In the first funding phase, Project C2 investigated novel simulation techniques that enable the validation and variants' exploration of all essential features of invasive computing. It had two major research fields: (a) Timed functional simulation of invasive resource-aware programs and (b) performance evaluation of individual architectures and an integrated simulation methodology to co-simulate different types of invasive architectures. In order to handle the complexity and diversity of the considered architectures as well as different invasive programming, resource management and invasion strategies, new methods for the modularisation and orthogonalisation of these exploration concerns have been developed. Such simulation facilities enabled the optimisation of the concepts of invasive computing across all project areas, especially, without the need to have full hardware or software implementations available. One fundamental development was the timed functional simulation framework InvadeSIM for the simulation of invasive resource-aware programs on heterogeneous tiled architectures. It enables us to gain important insights into the concepts of invasive computing across all different platform layers including architectures, invasion strategies, and applications. Based on this foundation, in the second funding phase, the main focus of Project C2 is the automatic co-exploration across all these platform layers as shown in Figure 1.

Design Space Exploration

Figure 1: Overview of the design space exploration.

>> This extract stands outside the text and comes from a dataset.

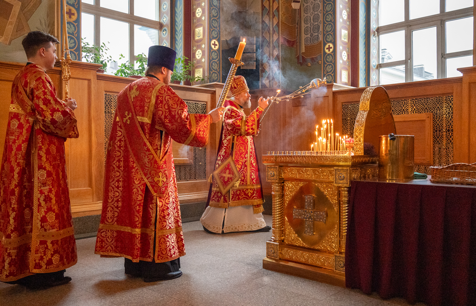 При совершении полиелея многократно воспевалось величание праздника: "Величаем Тя, Живодавче Христе, нас ради во ад сшедшаго и с Собою вся воскресившаго". Во время пения величания Архипастырь совершил полное каждение храма.

More specifically, we intend to investigate important research questions such as: How does an optimal invasive architecture configuration look like for a given set of characteristic applications? And: How to model the inherent dynamic behaviour of resource-aware programs as well as of multiple competing applications? In this realm, we want to study variants of invasive architectures and evaluate them for several application scenarios for multiple objectives (e.g., cost, performance, power, predictability). Furthermore, we want to classify and model invasive applications and sets of them by invasive parallel patterns.

Approach

The main contribution of the first funding phase and the basis for our research goals in the second funding phase is the simulation framework InvadeSIM, which will be explained in the next sections in more detail. The main goal of a timed functional simulation framework is to provide simulation capabilities comprising invasive architecture and run-time simulation for parallel invasive applications written in X10. In order to fulfil these requirements, the simulation platform InvadeSIM has been developed providing (a) a fast simulation approach for hundreds of competing applications on large heterogeneous architectures, (b) allowing the modelling of customised heterogeneous invasive multi-tile architectures, and (c) supporting the simulation of the complete set of X10 language constructs as well as (d) all novel invasive programming constructs such as invade, infect, etc. as provided by the InvadeX10 language extension. As a final result of these goals, we can state that all parts were successfully accomplished. This required a close cooperation with several projects of the TCRC (A1, B5, C1, D1, D3). In the following paragraphs, we will explain our achievements in more detail and relevant additional work that was achieved.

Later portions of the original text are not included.